My Projects: Must be meaningful, purpose-driven, awe-creating, and fulfilling to all parties involved. I reject neutral design.
My Clients Are: Detail-oriented. My spaces do not seek mainstream approval but that of unique individuals searching for a unique habitat, one so special no one else will be able to possess it.
On Each Project: I leave a part of myself. I place handwritten notes with positive messages inside the walls, above the ceilings, before installing floor tile, or when we starting digging up the shell to build a swimming pool. I charge them to attract well-being, abundance, joy, and good health, and I believe this positive energy is received by the inhabitants.
I Have Lived: In a dozen cities where I have absorbed different styles. I love mixing these styles, materials, and colors harmoniously. I am pretty eclectic; my design is quite atypical, although warm.
I Love to Discover: New destinations. I have been to Mexico several times lately. They are happy people, and I like how they use color.
Color... Scares most people; it imposes too much on them. Look at the hundreds of people circulating through the corridors of international airports; the vast majority wear black, dark blue, or gray. The same goes for most house interiors. Color is essential in design; it changes moods, delimits zones, and illuminates areas. It is pure vibrant energy and it creates illusions. I love color and I use it without fear. In the design of my interiors, clothing, or paintings, one can feel the effects of its extensive use. In particular, cobalt blue or cadmium red attract me powerfully.
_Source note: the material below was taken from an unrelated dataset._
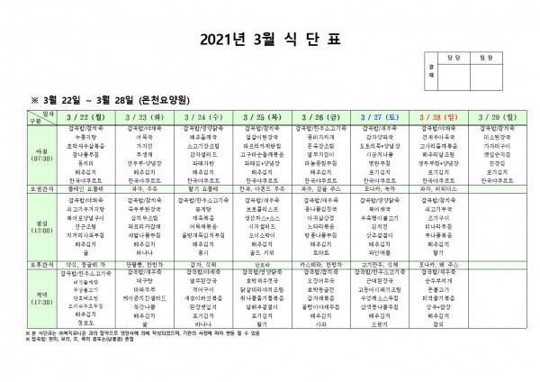 3월 넷째주 식단표 페이지 정보 작성자 은천노인복지회 작성일21-03-18 17:41 조회140,332회 댓글0건 관련링크 이전글 다음글 목록 답변 본문 3월 넷째주 식단표 이전글 다음글 목록 답변

In my sleep, I always dream in color.
I’m Gravitating Toward: Natural finishings, wood, rope… artisanal materials. Those elements work better with our environment. The combination of wood, marble, and glass creates an irresistible symbiosis.
I Would Love to Design: A school for children, a shelter for orphans, a residence for elder artists, a futuristic temple.
My Path to Palm Springs: I was living in Manhattan and while I was in Cape Cod as a member of the Provincetown International Film Festival board of directors, I became acquainted with filmmakers Todd Hughes and P. David Ebersole who invited me to stay in their stunning house in Kings Point while they filmed the House of Cardin documentary in Paris. There, I became seduced by the natural beauty and ubiquitous exceptional architecture. I pictured myself working amidst these midcentury jewels, and within a week, I decided to move here.
After Four Years: I see the city has taken off internationally, drawing new neighbors to its warm climate, open spaces, unique architectural assets, and feeling of serenity. I could not feel more grateful for having done my bit, in the most-humble manner, for this amazing spot under the sun.
All Wrapped Up: The Indian Canyons condo shown here invites having fun.
In Progress: Casa Fierro mixes sophistication with spirituality/Zen and has a Japanese garden.
My Artistic Legacy: Casa Via Lazo, one of my latest projects in Palm Springs, has been selected as part of a Modernism Week 2022 tour.